According to a 2014 study by the World Wildlife Fund, the global human population already exceeds planet's biocapacity - it would take the equivalent of 1.5 Earths of biocapacity to meet our current demands. The report further points that if everyone on the planet had the Footprint of the average resident of Qatar, we would need 4.8 Earths and if we lived the lifestyle of a typical resident of the USA, we would need 3.9 Earths.

The Holocene extinction
Rates of decline in biodiversity in this sixth mass extinction match or exceed rates of loss in the five previous mass extinction events in the fossil record. Loss of biodiversity results in the loss of natural capital that supplies ecosystem goods and services. From the perspective of the method known as Natural Economy the economic value of 17 ecosystem services for Earth's biosphere (calculated in 1997) has an estimated value of US$33 trillion (3.3x1013) per year.

Conservation
Conservation biology matured in the mid-20th century as ecologists, naturalists and other scientists began to research and address issues pertaining to global biodiversity declines.

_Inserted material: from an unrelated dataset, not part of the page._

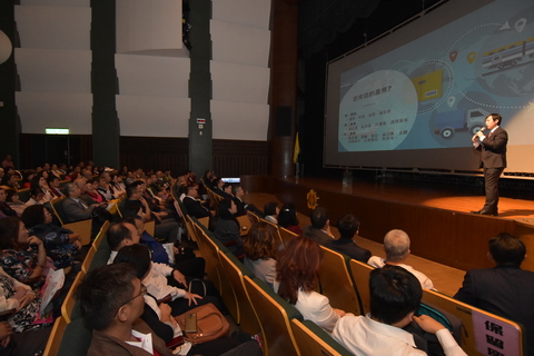 日本嬌生集團總監陳志瑜以「生技產業與醫療保健的全球視野-產官學合作創新經濟」為主題做專題演講。(彰化縣企業經營研究協會提供)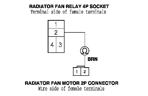 8. Check for continuity between radiator fan relay 4P socket terminal No. 2 and radiator fan motor 2P connector terminal No. 2.

The conservation ethic advocates management of natural resources for the purpose of sustaining biodiversity in species, ecosystems, the evolutionary process and human culture and society.

Conservation biology is reforming around strategic plans to protect biodiversity. Preserving global biodiversity is a priority in strategic conservation plans that are designed to engage public policy and concerns affecting local, regional and global scales of communities, ecosystems and cultures. Action plans identify ways of sustaining human well-being, employing natural capital, market capital and ecosystem services.

In the EU Directive 1999/22/EC zoos are described as having a role in the preservation of the biodiversity of wildlife animals by conducting research or participation in breeding programs.

Protection and restoration techniques
Removal of exotic species will allow the species that they have negatively impacted to recover their ecological niches. Exotic species that have become pests can be identified taxonomically (e.g., with Digital Automated Identification SYstem (DAISY), using the barcode of life). Removal is practical only given large groups of individuals due to the economic cost.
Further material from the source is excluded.